== THE RECORDS ==

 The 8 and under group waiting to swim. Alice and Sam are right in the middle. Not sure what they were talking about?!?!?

===
== THE RECORDS ==

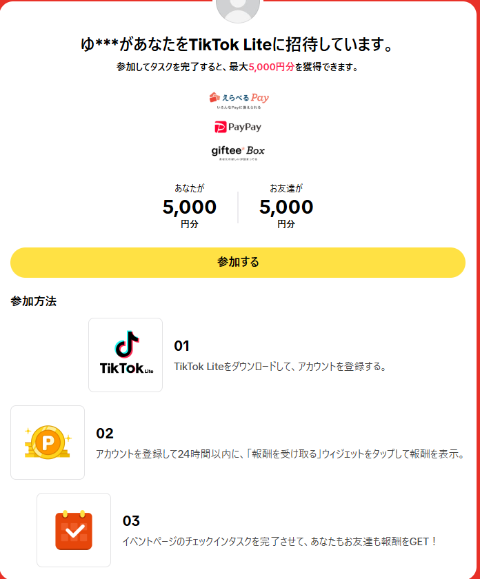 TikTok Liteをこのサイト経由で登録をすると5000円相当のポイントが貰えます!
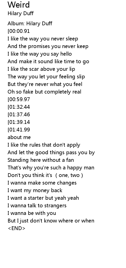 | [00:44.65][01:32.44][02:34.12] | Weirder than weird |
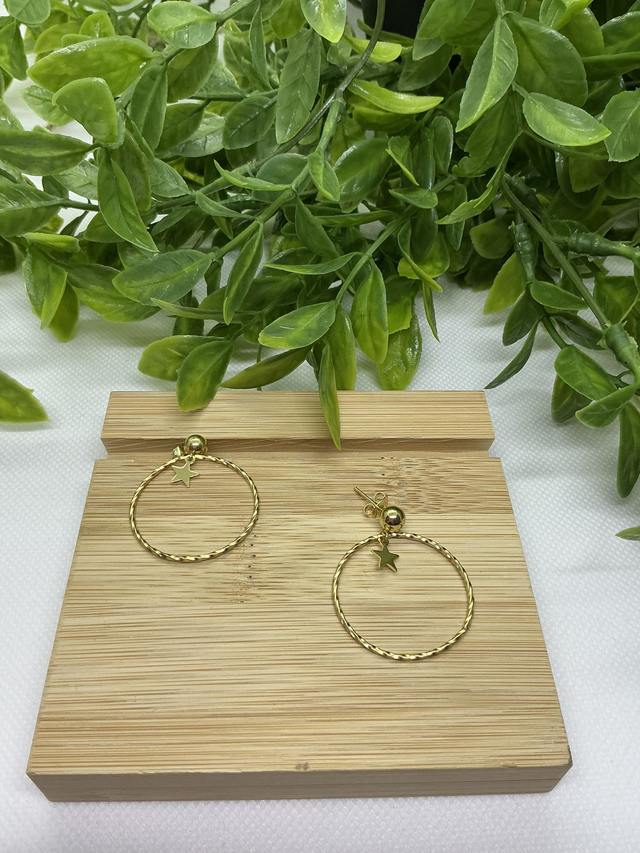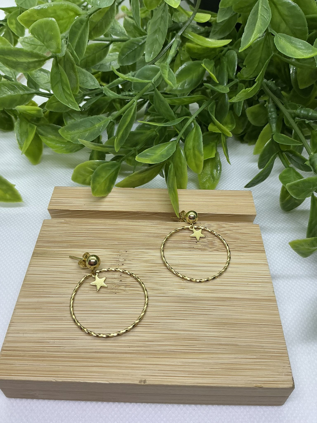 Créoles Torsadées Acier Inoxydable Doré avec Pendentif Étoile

===

Only the lines above from the one containing "than weird |" through the one containing "Créoles Torsadées Acier" should be returned, verbatim and inclusive, with pictures excluded.

-- EXERCISE RESULT --
 | [00:44.65][01:32.44][02:34.12] | Weirder than weird |
 Créoles Torsadées Acier Inoxydable Doré avec Pendentif Étoile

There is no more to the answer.